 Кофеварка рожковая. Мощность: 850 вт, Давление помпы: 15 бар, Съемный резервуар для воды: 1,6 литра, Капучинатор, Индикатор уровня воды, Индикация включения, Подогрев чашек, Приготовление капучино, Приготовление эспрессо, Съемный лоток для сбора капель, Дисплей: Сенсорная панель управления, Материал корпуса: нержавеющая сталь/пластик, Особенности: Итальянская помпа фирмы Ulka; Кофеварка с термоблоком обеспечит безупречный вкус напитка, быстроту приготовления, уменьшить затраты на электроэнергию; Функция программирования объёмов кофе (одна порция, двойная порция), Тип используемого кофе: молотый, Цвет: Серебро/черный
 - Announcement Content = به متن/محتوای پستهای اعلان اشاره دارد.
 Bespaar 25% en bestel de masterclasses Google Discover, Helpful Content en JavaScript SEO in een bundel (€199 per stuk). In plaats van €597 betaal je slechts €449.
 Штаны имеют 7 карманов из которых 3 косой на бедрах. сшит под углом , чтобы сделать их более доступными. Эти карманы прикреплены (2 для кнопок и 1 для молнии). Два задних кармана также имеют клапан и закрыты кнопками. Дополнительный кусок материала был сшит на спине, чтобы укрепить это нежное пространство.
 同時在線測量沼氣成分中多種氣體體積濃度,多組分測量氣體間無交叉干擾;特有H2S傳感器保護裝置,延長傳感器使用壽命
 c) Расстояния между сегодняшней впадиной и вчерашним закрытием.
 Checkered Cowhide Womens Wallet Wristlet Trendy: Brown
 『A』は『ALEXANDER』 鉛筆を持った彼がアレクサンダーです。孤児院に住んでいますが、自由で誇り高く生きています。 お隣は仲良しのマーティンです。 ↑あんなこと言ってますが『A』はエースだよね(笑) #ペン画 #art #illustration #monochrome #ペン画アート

########################################

• _Task objective_
Everything in the listing should be given again word for word.

• _Result of the task_
 Кофеварка рожковая. Мощность: 850 вт, Давление помпы: 15 бар, Съемный резервуар для воды: 1,6 литра, Капучинатор, Индикатор уровня воды, Индикация включения, Подогрев чашек, Приготовление капучино, Приготовление эспрессо, Съемный лоток для сбора капель, Дисплей: Сенсорная панель управления, Материал корпуса: нержавеющая сталь/пластик, Особенности: Итальянская помпа фирмы Ulka; Кофеварка с термоблоком обеспечит безупречный вкус напитка, быстроту приготовления, уменьшить затраты на электроэнергию; Функция программирования объёмов кофе (одна порция, двойная порция), Тип используемого кофе: молотый, Цвет: Серебро/черный
 - Announcement Content = به متن/محتوای پستهای اعلان اشاره دارد.
 Bespaar 25% en bestel de masterclasses Google Discover, Helpful Content en JavaScript SEO in een bundel (€199 per stuk). In plaats van €597 betaal je slechts €449.
 Штаны имеют 7 карманов из которых 3 косой на бедрах. сшит под углом , чтобы сделать их более доступными. Эти карманы прикреплены (2 для кнопок и 1 для молнии). Два задних кармана также имеют клапан и закрыты кнопками. Дополнительный кусок материала был сшит на спине, чтобы укрепить это нежное пространство.
 同時在線測量沼氣成分中多種氣體體積濃度,多組分測量氣體間無交叉干擾;特有H2S傳感器保護裝置,延長傳感器使用壽命
 c) Расстояния между сегодняшней впадиной и вчерашним закрытием.
 Checkered Cowhide Womens Wallet Wristlet Trendy: Brown
 『A』は『ALEXANDER』 鉛筆を持った彼がアレクサンダーです。孤児院に住んでいますが、自由で誇り高く生きています。 お隣は仲良しのマーティンです。 ↑あんなこと言ってますが『A』はエースだよね(笑) #ペン画 #art #illustration #monochrome #ペン画アート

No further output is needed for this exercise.